Je vais tenter une réponse point par point, en « zappant » toutefois quelques questions car je suis pas historien de formation ni de profession, mais seulement un amateur qui se veut éclairé…
Cléopatra a écrit :
Quelle serait votre propre définition de l’uchronie (ou histoire contrefactuelle) ?
Pour moi l’uchronie consiste à imaginer ce que serait devenue l’histoire :
- si un événement particulier s’était déroulé différemment (événement fondateur),
- en se fondant sur des hypothèses plausibles historiquement
Cléopatra a écrit :
L’uchronie est-elle une fin en soi, une fataisie littéraire d'écrivain de science-fiction ou un instrument de travail pour l'historien ?
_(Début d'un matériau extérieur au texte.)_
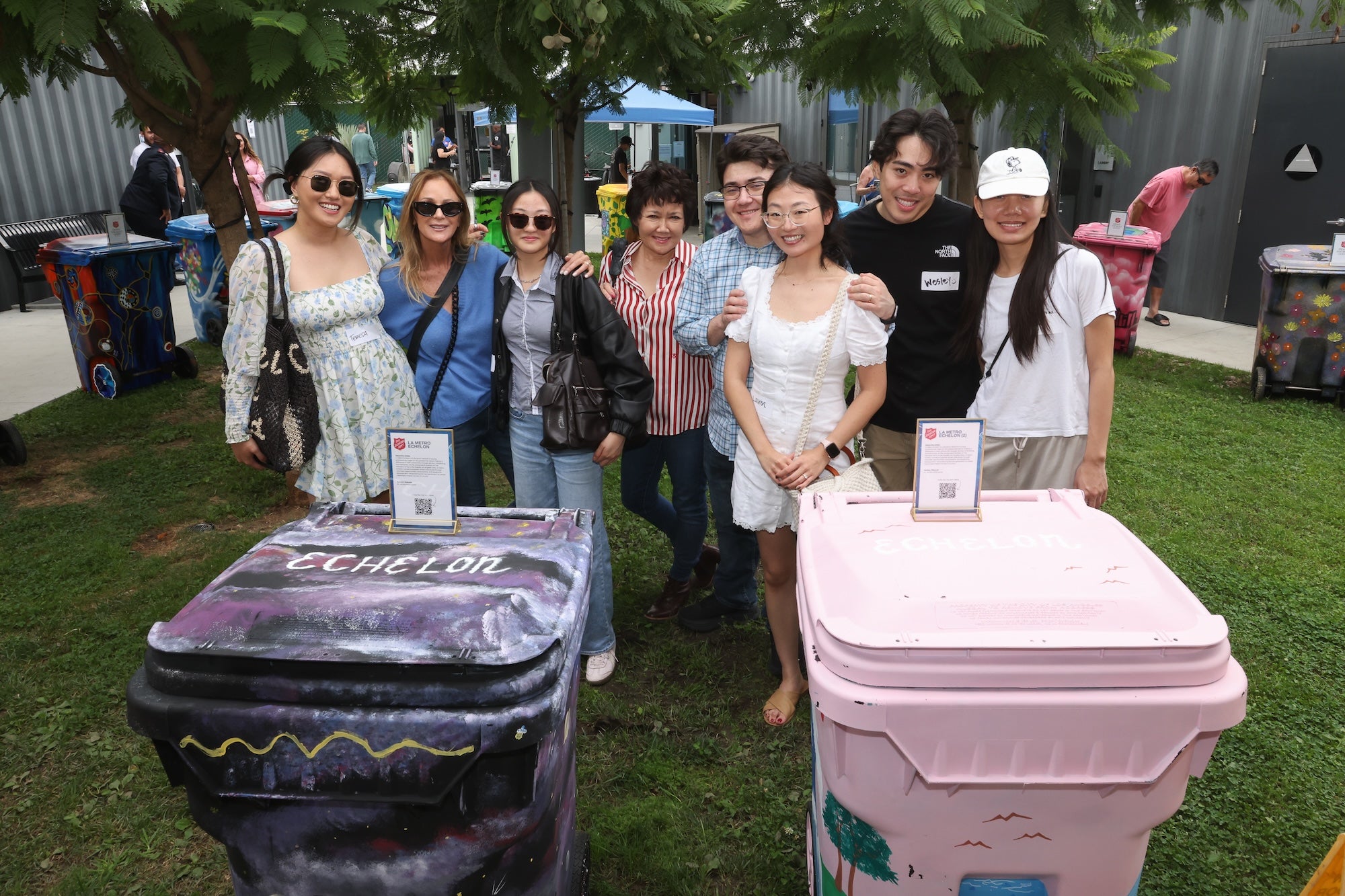 Captivating hand-painted bins lined the outdoor courtyard of The Salvation Army’s Lafayette Bridge Housing Shelter in the Koreatown neighborhood of Los Angeles, transforming the shared space into a vibrant fundraiser art walk.
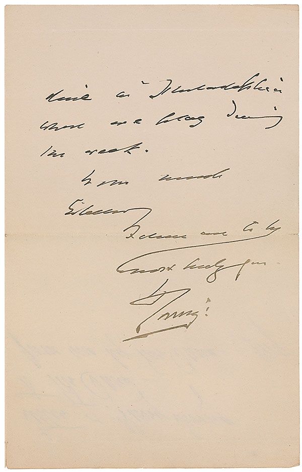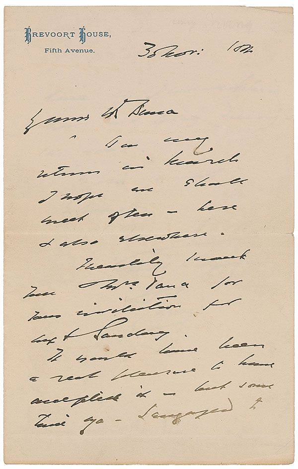 Prominent British stage actor (1838–1905) who was the first of his profession to be knighted. ALS signed “H. Irving,” two pages on two adjoining sheets, 4.5 x 7, Brevoort House letterhead, November 30, 1884. Letter to Mr. Dana. In part: “I hope we shall meet often—here & also elsewhere. I readily thank you Mr Dana for your invitation for next Sunday. It would have been a great pleasure to have accepted it.” In fine condition, with ink notation to reverse of second page, a couple slight brushes to text, and mild toning.

Cela peut être aussi bien une fantaisie pour l’écrivain de science-fiction qu’un instrument de travail pour l’historien, mais ils l’aborderont différemment :
- l’écrivain a toute latitude pour choisir les « hypothèses plausibles » qu’il souhaite, la seule limite étant de ne pas rebuter le lecteur avec un scénario trop tiré par les cheveux… Par ailleurs il s’attache le plus souvent à décrire l’état d’une société, où il situe son récit, et qui est issue de l’événement fondateur de l’uchronie ; le déroulement de l’histoire entre cet événement fondateur et la période du récit est traité de manière très rapide voire elliptique ;
- au contraire l’historien ne peut se servir de cette technique qu’en se fondant sur les données les plus rigoureuses, et le déroulement de l’histoire uchronique est le centre même de la démarche.
Il y a donc bien 2 ucrhonies très distinctes.
Cléopatra a écrit :
Pourquoi les historiens ont-ils recours à l’uchronie ? Quand l’utilisent-ils ?
Je ne peux pas parler pour les historiens professionnels (qui, en France du moins, ne pratiquent guère l’uchronie). En revanche je constate que les discussions entre amateurs d’histoire (comme par exemple sur ce forum) font souvent appel à l’uchronie lorsqu’on cherche à montrer un lien de causalité. C’est l’équivalent de la démonstration par l’absurde en mathématique : montrer que si tel événement ne s’était pas produit, ou si tel personnage n’avait pas pris telle décision, le cours de l’histoire aurait été changé ; et ainsi montrer que cet événement ou cette décision a bien été la cause de la suite.
Je ne suis pas sûr que cette démarche apporte une meilleure preuve (après tout on se base toujours sur les mêmes sources) ; en revanche il peut y avoir un avantage pédagogique et je pense également que cela permet d’élargir la réflexion.
Cléopatra a écrit :
Peut-on avoir recours à l’uchronie pour enseigner l’Histoire ?
Peut-être bien, mais en tout cas avec beaucoup de prudence… Pour les enfants et adolescents, je pense qu’il vaut mieux s’en tenir à ce qui s’est passé, plutôt que de provoquer la confusion avec ce qui aurait pu se passer…
Cléopatra a écrit :
Lors qu’utilisée comme outil de travail par l’historien, l’uchronie garde-t-elle encore un intérêt littéraire ?
Si l’histoire a un intérêt littéraire (c’est le cas pour certains historiens particulièrement doués de leur plume), l’uchronie peut avoir le même intérêt, peut-être un peu réhaussé par l’originalité de la démarche ; mais certainement pas le même intérêt qu’une uchronie du type « littérature de science fiction ».
Cléopatra a écrit :
L’histoire contrefactuelle semble être utilisée essentiellement par les anglophones, tels Niall Ferguron. Pourquoi ne perce-t-elle pas dans le milieu francophone ?
Il me semble qu’il y a un certain mépris pour cette pratique considérée comme oiseuse, l’intervention de ponceludone ci-dessus me semble typique. Je tiens cependant à souligner que les 2 exemples avancés par ponceludone concernent non pas des historiens, mais des hommes « d’action » dont la démarche est tout à fait différente.